§ DIRECTIONS
Retype word for word the stretch of entries below from the line that has "1. Product name: Rotating" through the line that has "Mark Stoltz on", and omit the pictures.

§ SOURCE INFORMATION

- - -

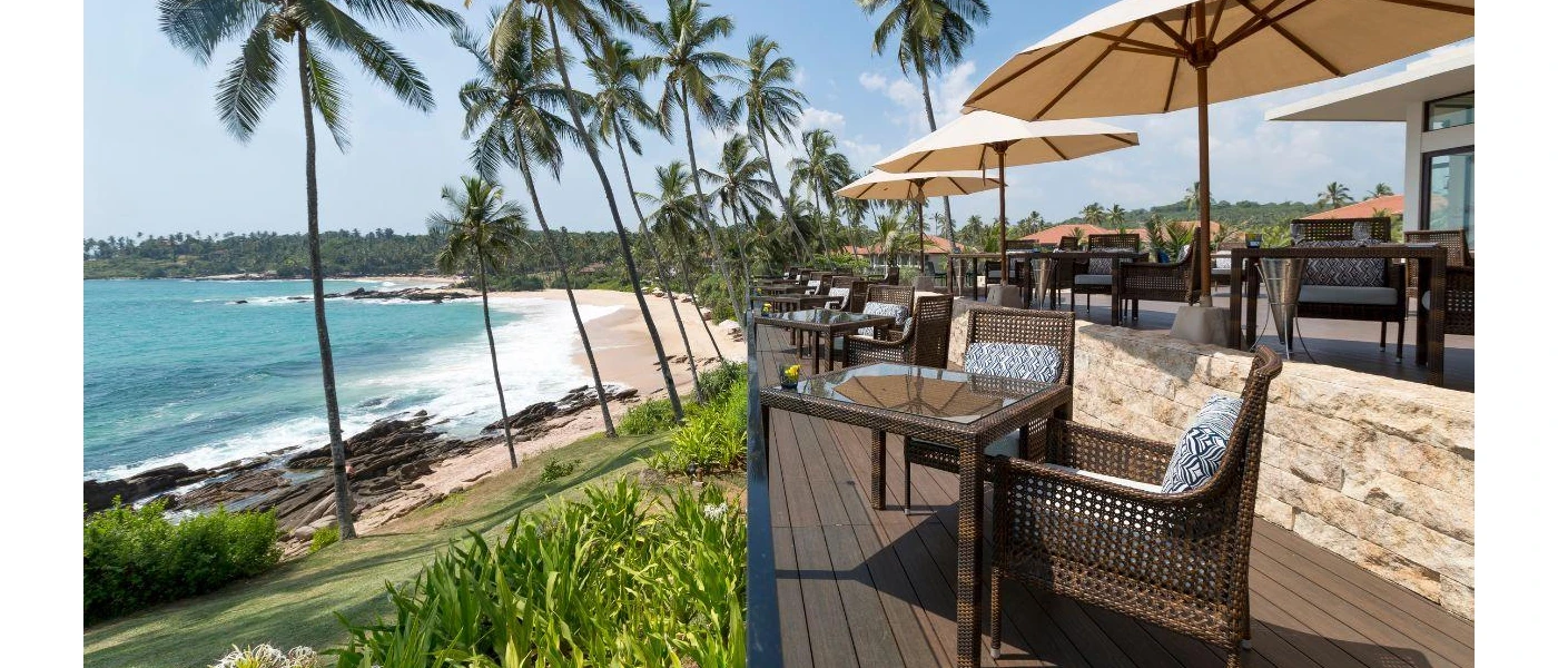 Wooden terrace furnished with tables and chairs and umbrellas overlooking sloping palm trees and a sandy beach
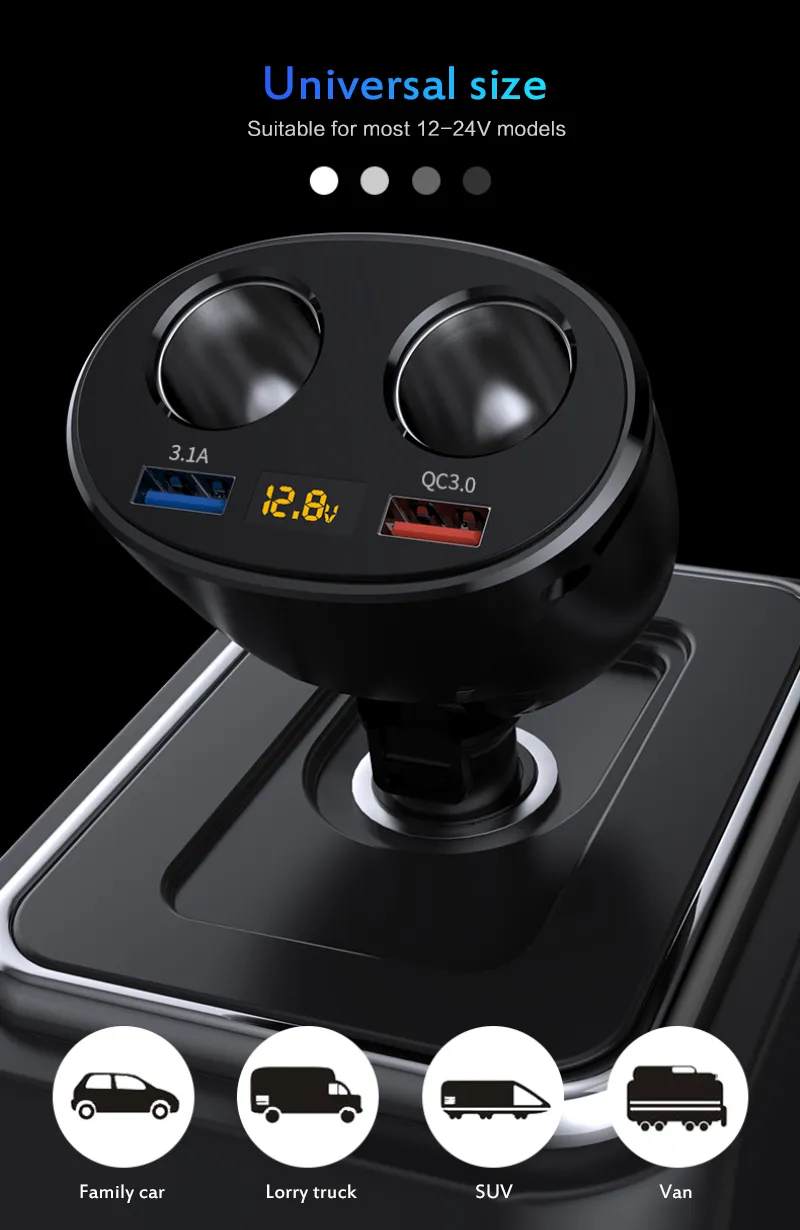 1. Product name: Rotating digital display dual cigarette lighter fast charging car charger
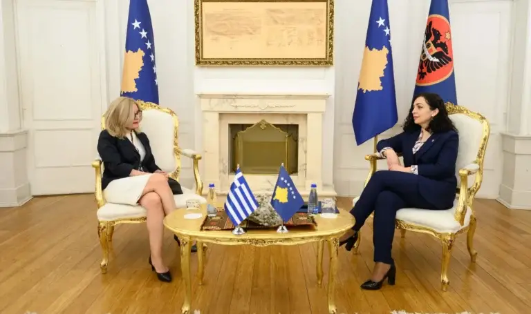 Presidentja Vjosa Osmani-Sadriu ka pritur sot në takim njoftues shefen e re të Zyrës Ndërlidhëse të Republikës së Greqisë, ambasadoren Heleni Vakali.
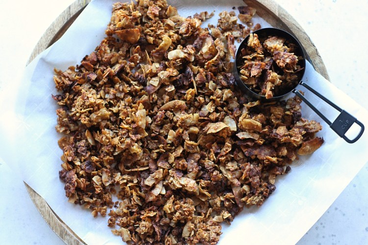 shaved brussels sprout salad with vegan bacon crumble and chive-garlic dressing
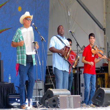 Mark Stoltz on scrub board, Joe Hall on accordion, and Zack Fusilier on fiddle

- - -

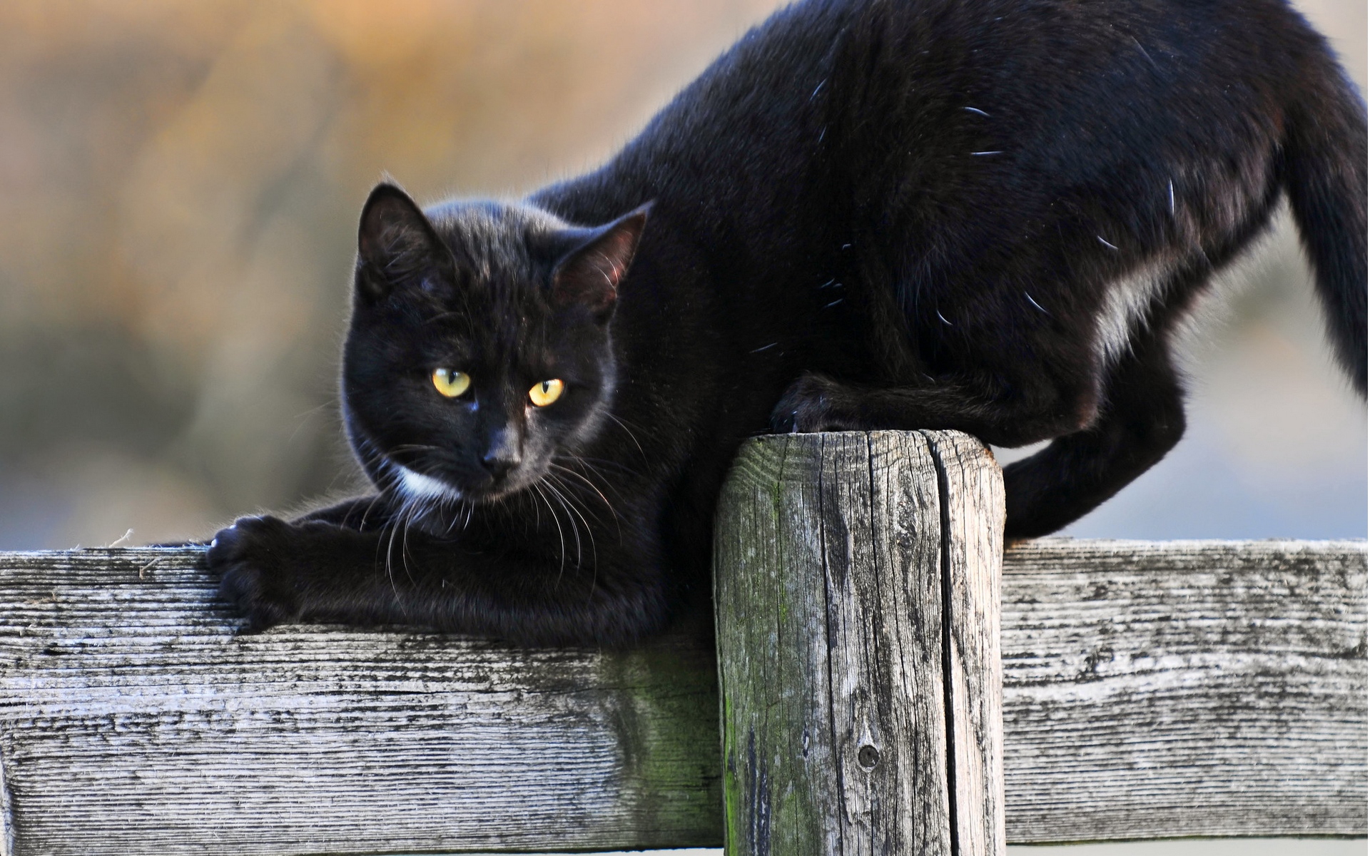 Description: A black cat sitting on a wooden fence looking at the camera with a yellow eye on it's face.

- - -

§ ANSWER BELOW
 1. Product name: Rotating digital display dual cigarette lighter fast charging car charger
 Presidentja Vjosa Osmani-Sadriu ka pritur sot në takim njoftues shefen e re të Zyrës Ndërlidhëse të Republikës së Greqisë, ambasadoren Heleni Vakali.
 shaved brussels sprout salad with vegan bacon crumble and chive-garlic dressing
 Mark Stoltz on scrub board, Joe Hall on accordion, and Zack Fusilier on fiddle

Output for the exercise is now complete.